I see 3 pids: library, main and 'acct02_helper'. What 'acct02' process
terminated?
Jan Stancek Oct. 30, 2019, 1:03 p.m. UTC | #6
----- Original Message -----
> 
> 
> ----- Original Message -----
> > 
> > OK, on s390 where it's failing it actually catches "incomplete read":
> > 
> > tst_kconfig.c:62: INFO: Parsing kernel config '/proc/config.gz'
> > tst_test.c:1118: INFO: Timeout per run is 0h 05m 00s
> > tst_kconfig.c:62: INFO: Parsing kernel config '/proc/config.gz'
> > acct02.c:234: INFO: Verifying using 'struct acct_v3'
> > acct02.c:187: INFO: == entry 1 ==
> > acct02.c:147: INFO: ac_version != 3 (131)
> > acct02.c:187: INFO: == entry 2 ==
> > acct02.c:82: INFO: ac_comm != 'acct02_helper' ('acct02')
> > acct02.c:133: INFO: ac_exitcode != 32768 (0)
> > acct02.c:141: INFO: ac_ppid != 54783 (54781)
> > acct02.c:147: INFO: ac_version != 3 (131)
> > acct02.c:183: FAIL: incomplete read 0 bytes, expected 64
> 
> I'm seeing similar failure:
> 
> tst_kconfig.c:62: INFO: Parsing kernel config
> '/boot/config-3.10.0-1106.el7.cki.s390x'
> tst_test.c:1118: INFO: Timeout per run is 0h 05m 00s
> tst_kconfig.c:62: INFO: Parsing kernel config
> '/boot/config-3.10.0-1106.el7.cki.s390x'
> acct02.c:239: INFO: Verifying using 'struct acct_v3'
> acct02.c:192: INFO: == entry 1 ==
> acct02.c:88: INFO: ac_btime < 1572367954 (1572367953)

^^ This is 'acct02_helper', which seemingly started before 'start_time'.

ac_btime is calculated back from current time and elapsed time at fill_ac():

  ac->ac_btime = get_seconds() - elapsed;

s390s are slower, so my guess is another second ticks before btime gets calculated,
and it appears to have started later.

> acct02.c:192: INFO: == entry 2 ==
> acct02.c:82: INFO: ac_comm != 'acct02_helper' ('acct02')
> acct02.c:88: INFO: ac_btime < 1572367954 (1572367953)
> acct02.c:133: INFO: ac_exitcode != 32768 (0)
> acct02.c:141: INFO: ac_ppid != 25608 (25607)

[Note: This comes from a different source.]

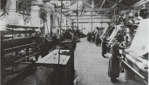 In alto: Donne al lavoro nel reparto di rifinizione della fabbrica Forti a La Briglia (1916)

The 2nd record is filled at acct(NULL), even though process still runs:

[ 1156.025654] CPU: 0 PID: 11772 Comm: acct02_helper Tainted: G           OE  ------------   3.10.0-1106.el7.s390x #1
<>
[ 1156.027105]  [<00000000001dd630>] fill_ac+0x0/0x440
[ 1156.027108] ([<00000000001ddae8>] do_acct_process+0x78/0x1a0)
[ 1156.027110]  [<00000000001de3ae>] acct_process+0xf6/0x140
[ 1156.027112]  [<000000000014de32>] do_exit+0x752/0xa38
[ 1156.027116]  [<000000000014e216>] do_group_exit+0x66/0xf8
[ 1156.027118]  [<000000000014e2ea>] SyS_exit_group+0x42/0x48

[ 1157.033294] CPU: 1 PID: 11771 Comm: acct02 Tainted: G           OE  ------------   3.10.0-1106.el7.s390x #1
<>
[ 1157.033384]  [<00000000001dd630>] fill_ac+0x0/0x440
[ 1157.033386] ([<00000000001ddae8>] do_acct_process+0x78/0x1a0)
[ 1157.033389]  [<00000000001ddcda>] acct_pin_kill+0x52/0xa8
[ 1157.033391]  [<000000000034a83e>] pin_kill+0xb6/0x178
[ 1157.033395]  [<00000000001ddfe8>] SyS_acct+0x2b8/0x350
Petr Vorel Oct. 30, 2019, 2:46 p.m. UTC | #7
Hi Jan,

> > I'm seeing similar failure:

> > tst_kconfig.c:62: INFO: Parsing kernel config
> > '/boot/config-3.10.0-1106.el7.cki.s390x'
> > tst_test.c:1118: INFO: Timeout per run is 0h 05m 00s
> > tst_kconfig.c:62: INFO: Parsing kernel config
> > '/boot/config-3.10.0-1106.el7.cki.s390x'
> > acct02.c:239: INFO: Verifying using 'struct acct_v3'
> > acct02.c:192: INFO: == entry 1 ==
> > acct02.c:88: INFO: ac_btime < 1572367954 (1572367953)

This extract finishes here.